Покой очень холодное слово

Борисова Алла
Не понимаю почему после гибели целых городов, с неба не льётся дождь из крови и слёз тех, кто умер в муках: убитый, сожжённый заживо.
У меня нет ни души, ни сердца, но люди, которых мне доводилось провожать через миры, сумели передать мне свои самые сильные чувства. И я научилась страдать, злиться, переживать. Может и не так, как они, но достаточно сильно.

Я бы рассталась с этим приобретением, но не выходит, ибо веками в этом мире не прекращаются войны, и кровь льётся бескрайними реками на всей планете. Земля впитывает её в себя, дожди смывают с травы и листьев, и потом уже не остается и следа, только память, да и то не всегда.

Виль был обычным городом. Таких на земле много. Кто-то решил его уничтожить, и Виль погиб.
Я проводила всех по тем дорогам, что были предназначены. А теперь возвращаюсь, ибо там, на пепелище остался последний человек, кто ещё должен уйти со мной.

Люди всегда меня удивляли. Вот и сейчас я смотрю на ту, которая считает себя взрослой женщиной, и даже не понимает, что на самом деле она обычная девчонка, которой просто не суждено ни повзрослеть, ни состариться, ни умереть в своей постели, окружённой семьёй. Ей не закроют глаза внуки, и она не услышит скорбь тех, кто будет провожать её в последний путь.

Это сделаю я. И сделаю сейчас, а не через те десятки лет, что она могла бы прожить.

Я смотрю на неё и поражаюсь. Да, она сошла с ума и не первый день бродит по чёрным руинам, в разорванном платье. С головы до ног измазанная сажей. Длинные, спутавшиеся волосы, темны от пепла. Девушка проходит босяком по черно-красным, потрескивающим временами, углям, но тело не чувствует боли, ибо разум покинул ее.

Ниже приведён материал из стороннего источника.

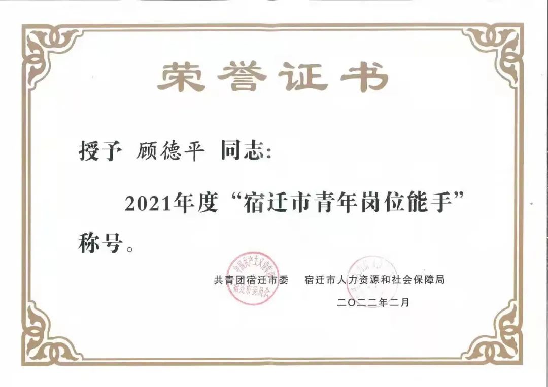 【宿遷交建】宿遷交建顧德平榮獲2021年度“宿遷市青年崗位能手”稱號(hào)
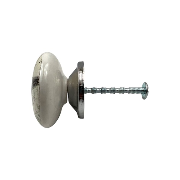 Transform your space quickly and easily with this set of six black and white poetic script ceramic drawer pull knobs. Designed in a charming round knob shape, these decorative accents bring a touch of elegance to any furniture. Crafted from high-quality ceramic, they offer durability alongside their artistic appeal. Each set comes with screws included for your convenience, ensuring a hassle-free installation process. The machine-made construction guarantees consistency in quality and style, making them a perfect choice for enhancing your home decor. 1.50-inch h x 1.25-inch w x 2.75-inch d.
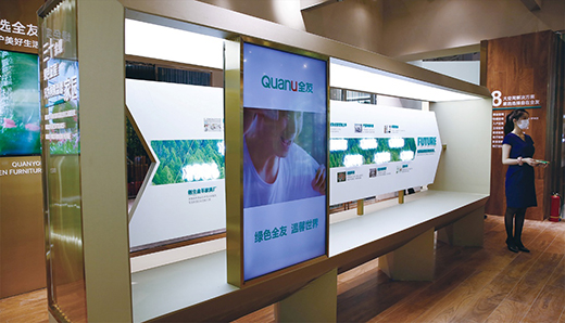“綠色”一直是全友所堅(jiān)守的品牌價(jià)值與發(fā)展理念,本次成都家具展中,全友的展廳亦是圍繞著這一核心理念進(jìn)行設(shè)計(jì),打造了以“翠心林隙”為主題的綠色展廳。在外觀上,展廳融合竹林意象,以高大、豎直的線條構(gòu)成。步入其中,左右兩側(cè)分別是產(chǎn)品展示區(qū)以及洽談區(qū),而中心位置設(shè)立成為企業(yè)文化展示區(qū),通過多媒體交互及文化墻展示,全方位向來(lái)訪者傳達(dá)著全友的“綠色”企業(yè)文化。
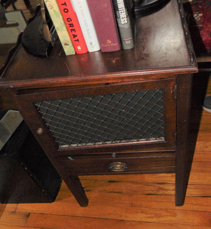 Circa 1940s. Features a storage area with a wire mesh front. Original hardware. Tapered legs. Single small storage drawer at the bottom. Some condition issues on the top, but only surface scratches.

Она думает, что раскачивает колыбель. Наверное ей видится и дом, и ребёнок, и что-то ещё, потому что она ласково улыбается и не замечает ничего вокруг.

Останавливаюсь вдалеке и наблюдаю, вслушиваясь. У меня не простая задача: увести так, чтобы ей не было больно или страшно до самой последней черты этого мира. Уж что-что, а спокойный переход она заслужила.

***

— Кажется уснул. Каким красивым вырастет мой сын. Сильным и добрым, как его отец. — Ах, — она всплеснула руками, — какая же нерадивая из меня жена! Все-то я забываю. Солнце почти закатилось, а у меня и стол не накрыт, и рубаха мужу не зашита.
Оглядев себя с головы до ног, рассмеялась, — не рассердится, потому что увидит мое новое платье. Оно такое красивое! Такое! — Женщина кружилась в танце и неожиданно остановилась, прислушиваясь.

— Меня кто-то зовет? — Развернулась и, пробежав на цыпочках пару метров, вежливо улыбнулась, — ах это вы, матушка? Да ещё и не одна, а с соседушками. Какие вы все нарядные. Да не стойте на пороге, проходите. Дом большой. Места всем хватит. Пока наши мужья вернутся, успеем наболтаться вдоволь.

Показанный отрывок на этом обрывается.